Fine-grained Attention in Hierarchical Transformers for Tabular Time-series
This work addresses a specific bottleneck in modeling tabular time-series data, such as financial or healthcare records, for researchers and practitioners in machine learning, though it is incremental as it builds on existing hierarchical transformer methods.
The authors tackled the problem of limited attention granularity in hierarchical transformers for tabular time-series data by proposing Fieldy, a fine-grained model that contextualizes fields at both row and column levels, resulting in improved performance on regression and classification tasks without increasing model size.
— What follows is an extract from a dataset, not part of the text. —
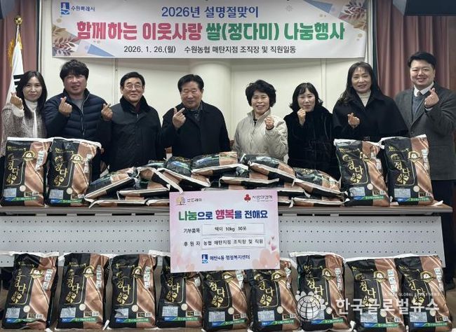 최종천 수원농협 매탄지점 관내이사는 “민족 대명절인 설을 앞두고 임직원들의 정성을 담아 준비했다”며 “농협 쌀로 마련한 이번 나눔이 어려운 이웃들에게 실질적인 위로와 희망이 되기를 바란다”고 전했다.

Tabular data is ubiquitous in many real-life systems. In particular, time-dependent tabular data, where rows are chronologically related, is typically used for recording historical events, e.g., financial transactions, healthcare records, or stock history. Recently, hierarchical variants of the attention mechanism of transformer architectures have been used to model tabular time-series data. At first, rows (or columns) are encoded separately by computing attention between their fields. Subsequently, encoded rows (or columns) are attended to one another to model the entire tabular time-series. While efficient, this approach constrains the attention granularity and limits its ability to learn patterns at the field-level across separate rows, or columns. We take a first step to address this gap by proposing Fieldy, a fine-grained hierarchical model that contextualizes fields at both the row and column levels. We compare our proposal against state of the art models on regression and classification tasks using public tabular time-series datasets. Our results show that combining row-wise and column-wise attention improves performance without increasing model size. Code and data are available at https://github.com/raphaaal/fieldy.